Lack of sleep predisposes us to negative thinking - Part 5

Lack of sleep predisposes us to negative thinking - Part 5

Sleep eases pain and anxiety in the brain


The neuroscience of sleep helps explain how sleep helps us learn and forget. It also sheds light on sleep’s pain-relieving and anti-anxiety effects.

For example, a study published last year found that a brain area associated with pain sensitivity (called the somatosensory cortex) is hyperactive in sleep-deprived participants. The findings suggested that not getting enough sleep interferes with the brain’s pain-processing neural circuits.

Additionally, the same study found that activity in the nucleus accumbent area of the brain had dropped after a sleepless night. The nucleus acumens releases the neurotransmitter dopamine, which heightens feelings of pleasure and decreases sensations of pain.

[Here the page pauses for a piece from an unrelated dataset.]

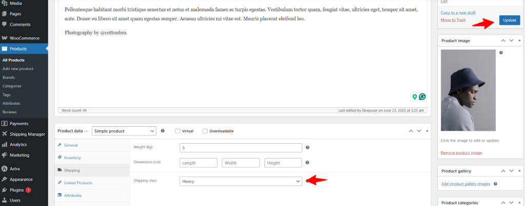 - Click “Update” to apply the shipping class to the product.

“Sleep loss not only amplifies the pain-sensing regions in the brain but blocks the natural analgesia centers, too,” explains the senior study author Matthew Walker, a professor of neuroscience and psychology at the University of California in Berkeley.

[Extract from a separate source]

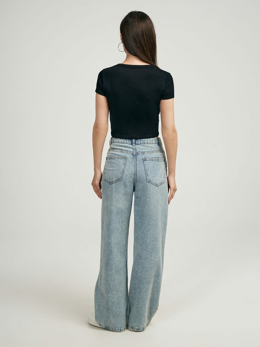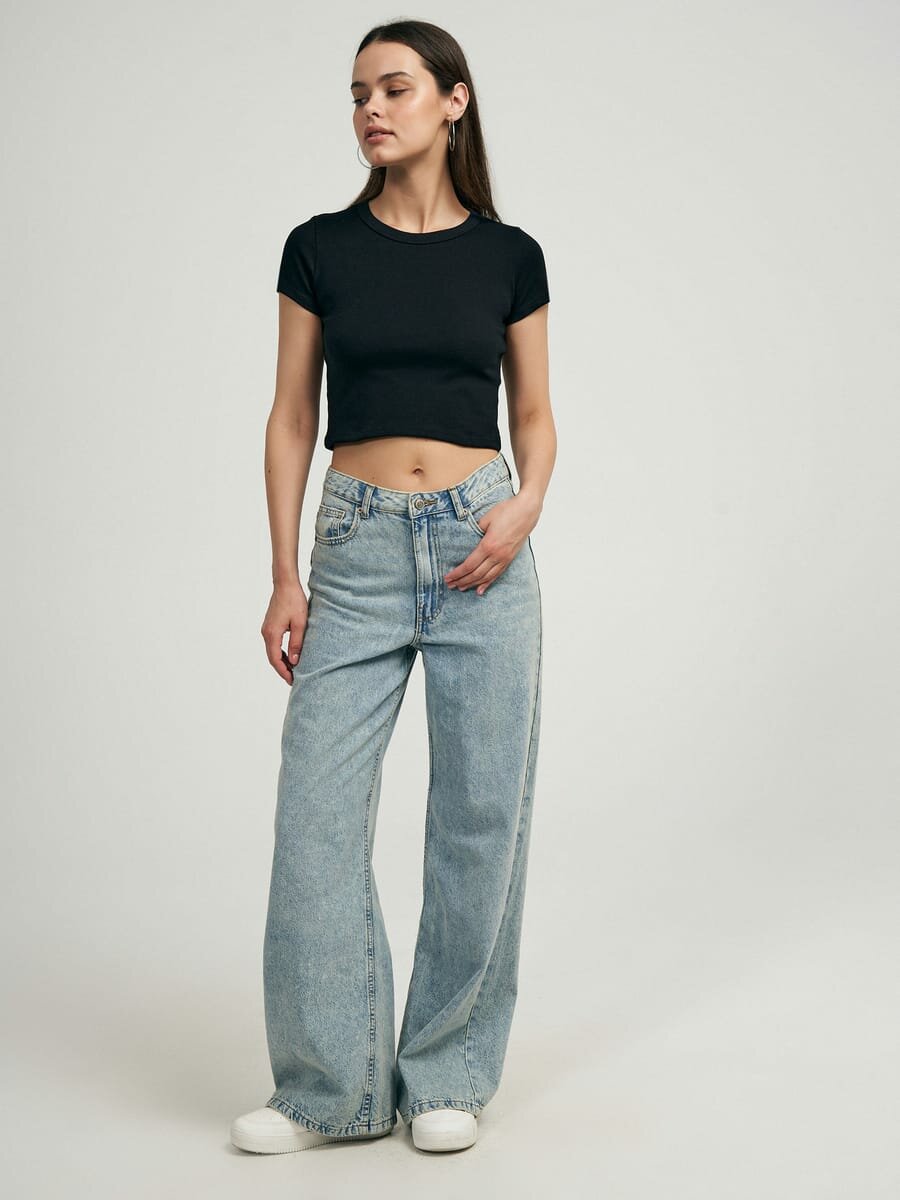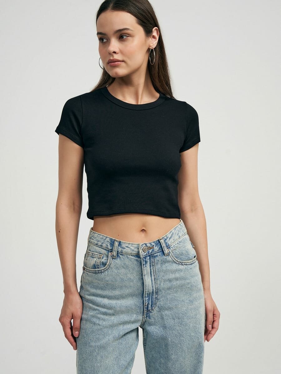 Кроп-топ однотонный с короткими рукавами твое, арт. 102385,черный,XS

The team also found that the brain’s insula, which evaluates pain signals and prepares the pain response, was also underactive in sleep-deprived people.

Sleeplessness interferes with this “critical neural system that assesses and categorizes the pain signals and allows the body’s natural painkillers to come to the rescue,” notes Adam Krause, the study’s lead author.

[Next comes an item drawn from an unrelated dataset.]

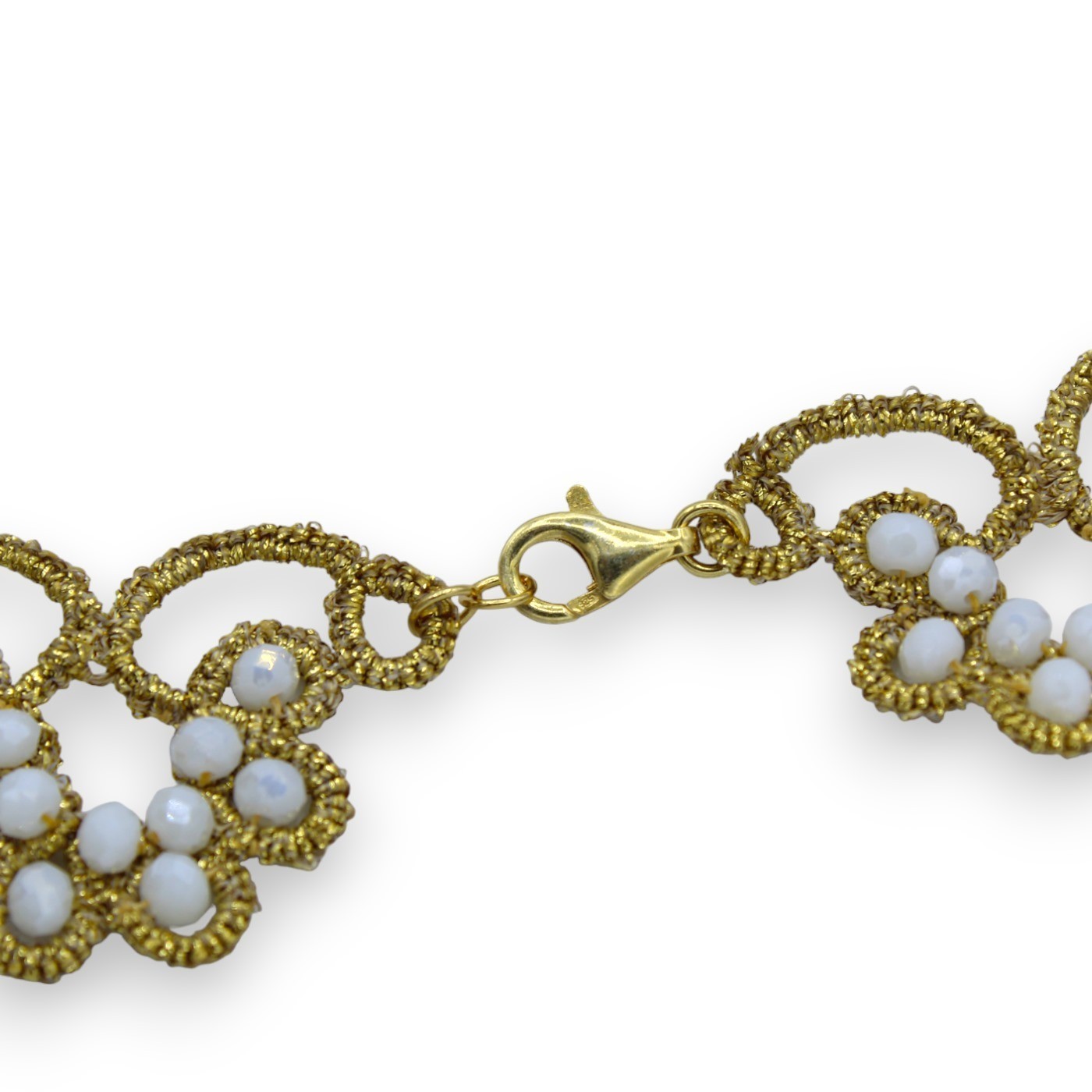 Splendide bracelet en fine dentelle frivolité, modèle col rond, avec cristaux.

Deep sleep relieves anxiety in key brain region
As to the anxiolytic effects of sleep, functional MRI scans and polysomnograms have shown that the medial prefrontal cortex in the brain is key. This region deactivated after a sleepless night in some studies co-led by the same Prof. Walker.

Previous research suggests that the medial prefrontal cortex helps calm anxiety and reduce stress levels. In Prof. Walker’s research, other regions associated with processing emotions were hyperactive in sleep-deprived patients.

“Without sleep,” Prof. Walker explains, “it’s almost as if the brain is too heavy on the emotional accelerator pedal, without enough brake.” A sleepless night caused anxiety levels to spike by up to 30% in their study, report the scientists.

Furthermore, the study found that anxiety levels dropped after a full night of sleep and that this decrease was even sharper in participants who spent more time in the deep non-REM stage of sleep.

“Deep sleep had restored the brain’s prefrontal mechanism that regulates our emotions, lowering emotional and physiological reactivity, and preventing the escalation of anxiety.”